Exposed (2019) is the exploration and interrogation of one's own body while being under the surveillance of an audience. The viewer is asked to lay down face up and trace their own body. They are then recorded with a DSLR camera that is connected to a live feed and projected on to a wall. 
I have become an essentialist in my life. The most essential thing in our lived being our own bodies. We are psychologically obsessed with ourselves whether that is in a positive way or a negative way something I took from Laura Mulvey's essay Visual Pleasure and Narrative Cinema as she explores ideas of Lacan and Freud to define phallocentric politics in film. The directions were explicitly written on the white board for the first viewer, as people lie down on the white board they are wiped away.  I bring inspiration from Richard Serra whose work was notable for being interactive, but in a very dictative manner in being direct with the viewer about how to interact with the work. The directions disappeared, but a precedence was set for the following viewers and even without the directions one can assume what need be done. 

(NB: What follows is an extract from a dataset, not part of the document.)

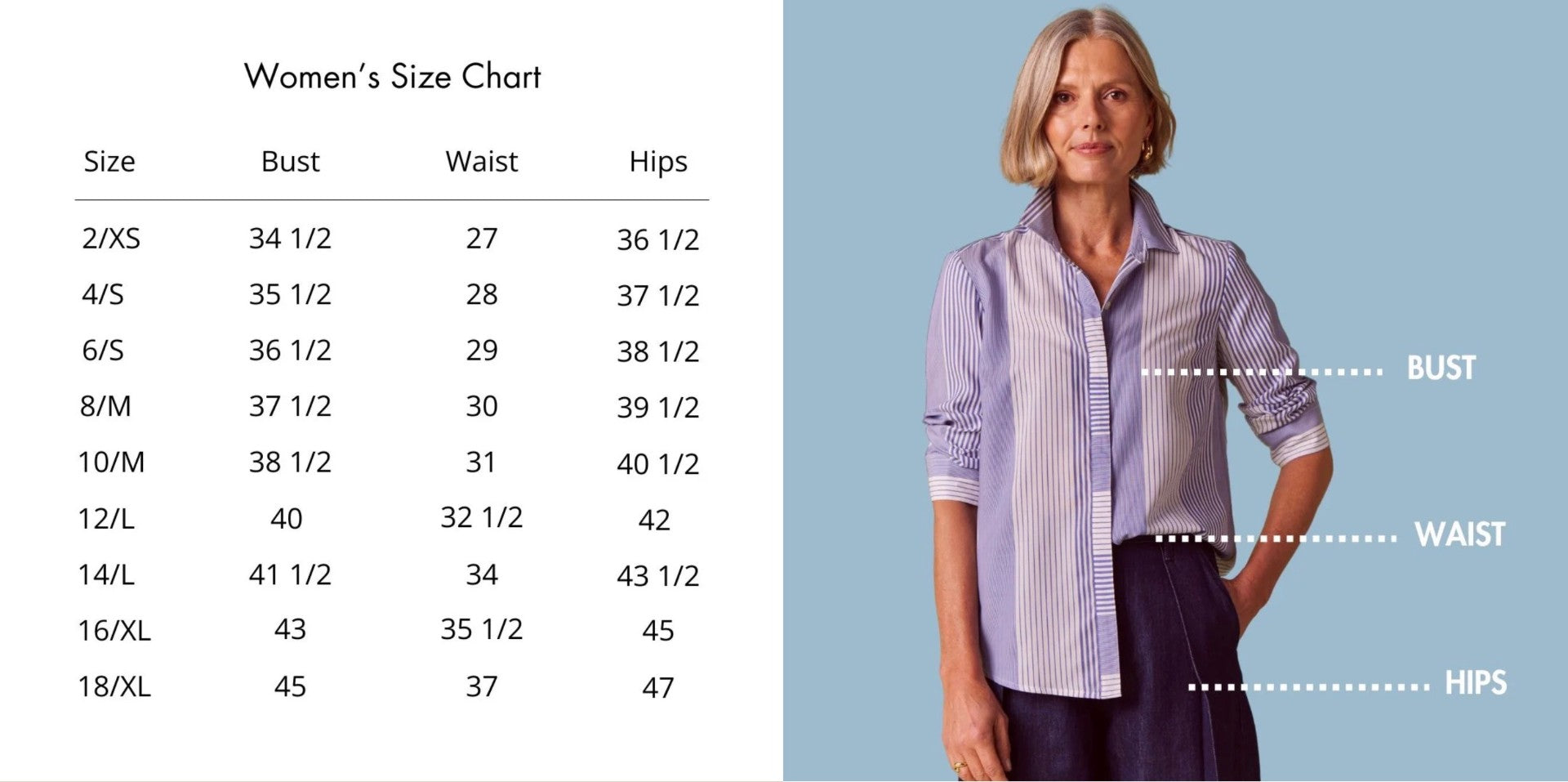 "Have sizes from petite to plus. Clothing are a nice variety. Lots of very stylish UV protection clothing for swimming boating etc. Sales woman was very helpful found my sizes and style I love. Clothing is expensive from $55 to 100 for tops. Jeans at least $90 Definitely not Kohl's. Higher end Clothing. If you have a healthier budget Definitely the place to go!"

What is left at the end is a body on the white board. This body lacks gender, personality, age, race, and ability. It is the embodiment of the post-identity utopian society we only read about or project into movies. It is the essentials, a body.
Outside of the exploration of identity is a broader more current exploration of surveillance. 
I gained this idea from looking at the works of Rafael Lozan-Hemmer and his work with people interacting in one space being one work, but the other work being the projection of those people playing in that space for a different viewer. In current political arenas this is a hot topic and it's something that many people are thinking about and building up anxieties over.